> [Task description]
Look through the entries below for the line with "得出以下結(jié)論L期貨" and the line with "- Design et", then give again exactly those two lines and all lines between them, minus the pictures.

> [Supplied records]
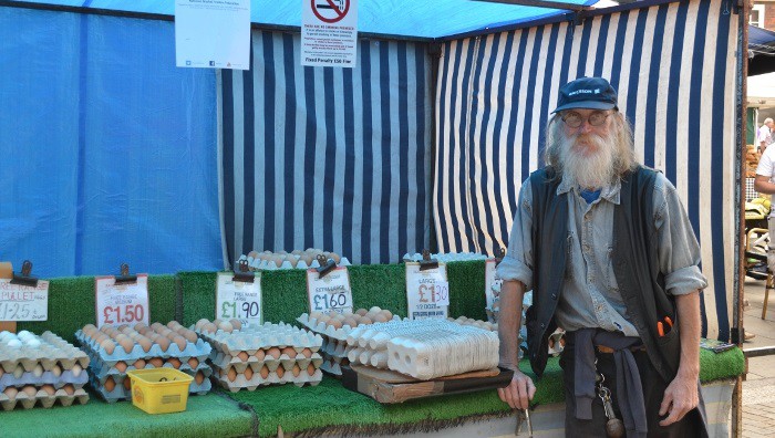 Completing the food square (the olive stall was absent) is the ‘Egg Man’. Norman Benson’s parents started selling eggs at Hertford over 40 years ago. As well as conventional hen’s eggs, Norman also sells duck, pullet and rare breed eggs.
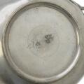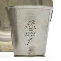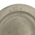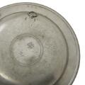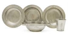 Three 19th century pewter plates Diam- 23–5 cm, a food bowl Diam. 21 cm and a mug H. 11 cm. Maker Lorentz Casper Wilhelm Buntzen, made for the Royal Military Hospital in Copenhagen. (5)
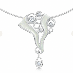 This beautiful piece is part of Sheila Fleet's Arctic Stream collection, which is inspired by the shapes and colours of rocks, glaciers and water. A beautiful pendant made with blue and white enamel down the middle in two sections, with a few blue enamel bubbles and a few open bubbles, as one single blue drop hangs from the pendant.
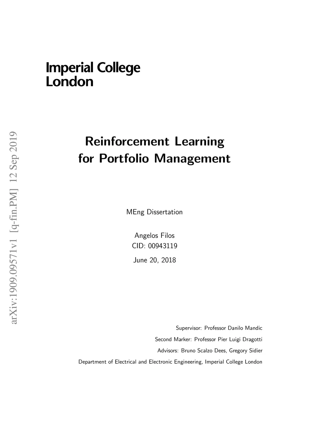 Reinforcement Learning for Portfolio Management
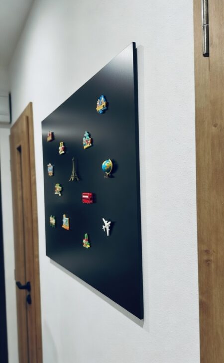 Štýlová a praktická bezrámová čierna tabuľa je ideálnym miestom na vystavenie vašej zbierky magnetiek. Tabuľa je vyrobená z kvalitného materiálu (kovu), ktorý umožňuje uchytiť všetky druhy magnetov – od cestovateľských suvenírov až po dekoratívne kúsky. Jednoduchý bezrámový dizajn sa hodí do každého interiéru, či už ju umiestnite v obývačke, kancelárii alebo detskej izbe. Skvelý spôsob, ako si uchovať spomienky a zároveň štýlovo ozdobiť váš priestor.
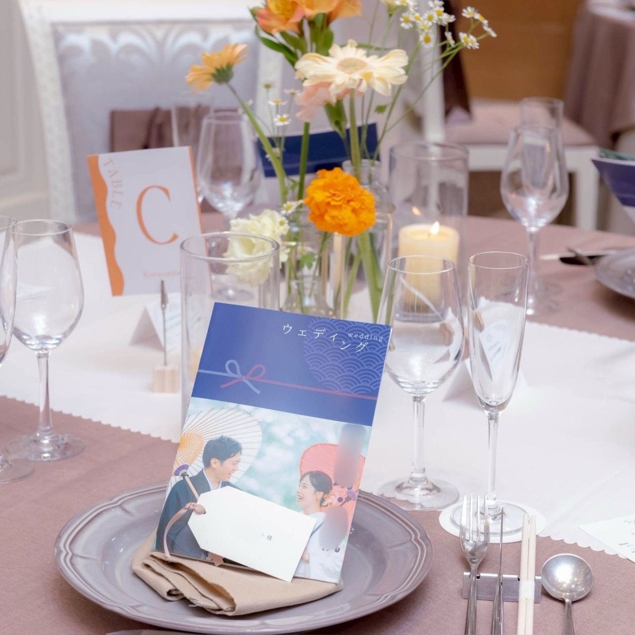 また、差し色でドレスと同じネイビーのキャンドルを設置しました。
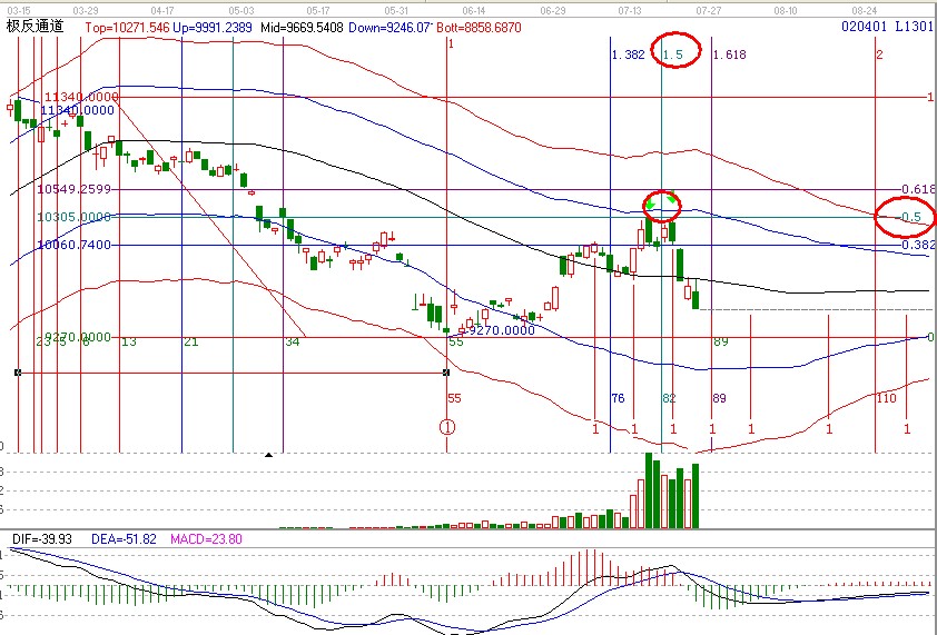 得出以下結(jié)論L期貨在2012年3月15日見高點(diǎn)11340至2012年6月8日間低點(diǎn)9270【55】個(gè)交易時(shí)間下跌了2070點(diǎn)。那么他的未來(lái)2分為價(jià)格在哪里呢???時(shí)間在哪里呢??
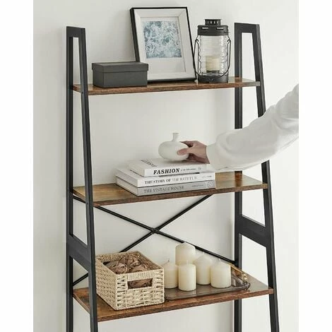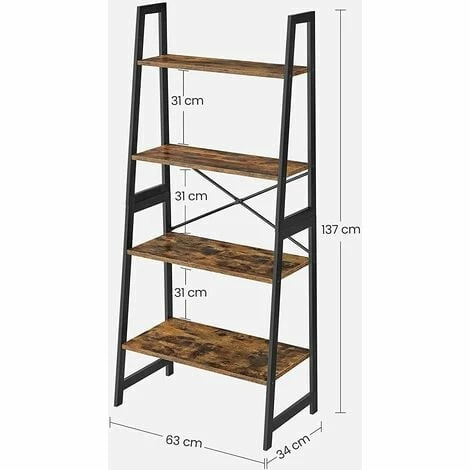 - Design et pratique : Quand le noir mat est associé au marron rustique… Que se passe-t-il ? Le résultat est une étagère échelle industrielle. En plus, cette étagère à 4 niveaux peut accueillir tout ce dont vous avez besoin !
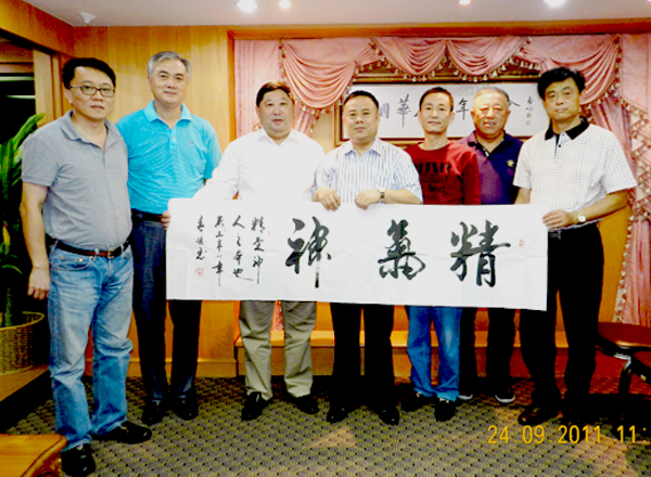 2011年9月24日,泰国华人青年商会海外顾问、江苏代表处主任、江苏华远澳玛重工有限公司董事长王益新(右三)率团抵达泰国华人青年商会访问,受到李桂雄会长(中)、执委周艺航(左一)等欢迎接待。王益新董事长等赠送著名书法家吴春暖大师“精气神”墨宝予李会长留念,该访问团的还有:于健先生、张瀛先生、戈升涛先生、刘崇健先生等。
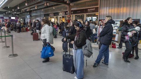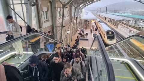 09 feb 2026 . Actualizado a las 21:40 h.Entre los usuarios de la estación de Santiago se respiraba este lunes una mezcla de tranquilidad y resignación ante la perspectiva de lo que iban a ser tres días consecutivos de huelga de los maquinistas de Renfe, si bien finalmente, tras el acuerdo con los sindicatos, se limitó a una sola jornada. Entre esos pasajeros que aguardaban la llegada de su tren había a primera hora numerosos estudiantes y trabajadores que tenían como destino Vigo y A Coruña, pero también algunos con la intención de acudir a clase en Vilagarcía o Pontevedra. María Lorenzo, estudiante en la Facultade de Belas Artes de Pontevedra, recibió un mensaje en la aplicación de Renfe informando del paro. «Como tengo clases por la tarde, voy con tiempo. No estoy muy afectada por la huelga. Me organizo bien», explicó. En cambio, Sofía Pérez, que debería estar ya en Vigo para trabajar, aceptaba la situación con paciencia. «Llegaré una hora tarde a trabajar, pero es lo que hay», comentaba cuando, pasadas las 9.00 horas, entraba en la estación el tren que debía llegar a las 8.33.

> [Your solution]
 得出以下結(jié)論L期貨在2012年3月15日見高點(diǎn)11340至2012年6月8日間低點(diǎn)9270【55】個(gè)交易時(shí)間下跌了2070點(diǎn)。那么他的未來(lái)2分為價(jià)格在哪里呢???時(shí)間在哪里呢??
 - Design et pratique : Quand le noir mat est associé au marron rustique… Que se passe-t-il ? Le résultat est une étagère échelle industrielle. En plus, cette étagère à 4 niveaux peut accueillir tout ce dont vous avez besoin !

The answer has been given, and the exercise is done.